Aioliops brachypterus
- Conservation status: Vulnerable (IUCN 3.1)

Scientific classification
- Kingdom: Animalia
- Phylum: Chordata
- Class: Actinopterygii
- Order: Gobiiformes
- Family: Gobiidae
- Genus: Aioliops
- Species: A. brachypterus
- Binomial name: Aioliops brachypterus Rennis & Hoese, 1987

= Aioliops brachypterus =

- Authority: Rennis & Hoese, 1987
- Conservation status: VU

Species of fish from the Philippines

Aioliops brachypterus, commonly known as the shortfin minidartfish, is a species of dartfish endemic to the lagoons of Miniloc Island, El Nido, Philippines. It is a small fish measuring around 17 to 24 mm in length. It has a grayish to pink body with a bright yellow stripe on the side and a dark spot on the tail fin. They swim in schools of up to 50 individuals.

==Taxonomy==
Aioliops brachypterus was first described by Denise S. Rennis and Douglass F Hoese in 1987. The type specimens were collected from Miniloc Island in El Nido, Palawan, Philippines in 1984. It belongs to the genus Aioliops in the family Gobiidae (gobies). The specific epithet is derived from Greek brachy- ("short") and pteron ("fin"), in reference to the relatively short dorsal, caudal, and pelvic fins.

==Distribution and habitat==
Aioliops brachypterus is endemic to lagoons in Miniloc Island in the Philippines. They occur to a depth of around 3 to 10 m in groups of up to 50 individuals. It is currently assessed as Vulnerable by the IUCN Red List.

==Description==
Aioliops brachypterus is a small fish, averaging at 17 to 20 mm in length, with a maximum length of 24 mm. It can be distinguished from other members of the genus in that its body has no scales. It has a rounded snout and short fins (in comparison to other Aioliops species, hence its name).
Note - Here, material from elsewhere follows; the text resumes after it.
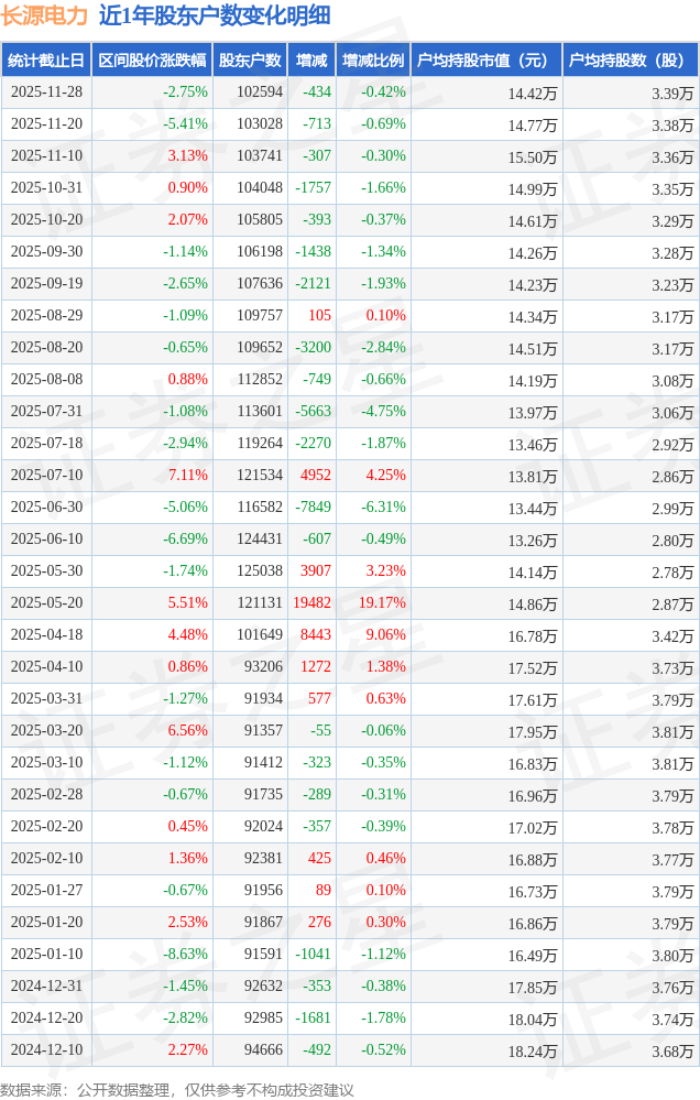 从股价来看,2025年11月20日至2025年11月28日,长源电力区间跌幅为2.75%,在此期间股东户数减少434.0户,减幅为0.42%。

The body is colored gray to pinkish with a bright yellow strip in the middle of the body from the snout to the beginning of the tail fin. The fins are bluish in color. The tail fin has a large dark spot at the base. Males and females have similar coloration but males are distinguished by having a darker head and back part and a wider yellow stripe; while in females the yellow stripe is thinner extends into the head beyond the gill openings. The pelvic fins are also longer in males.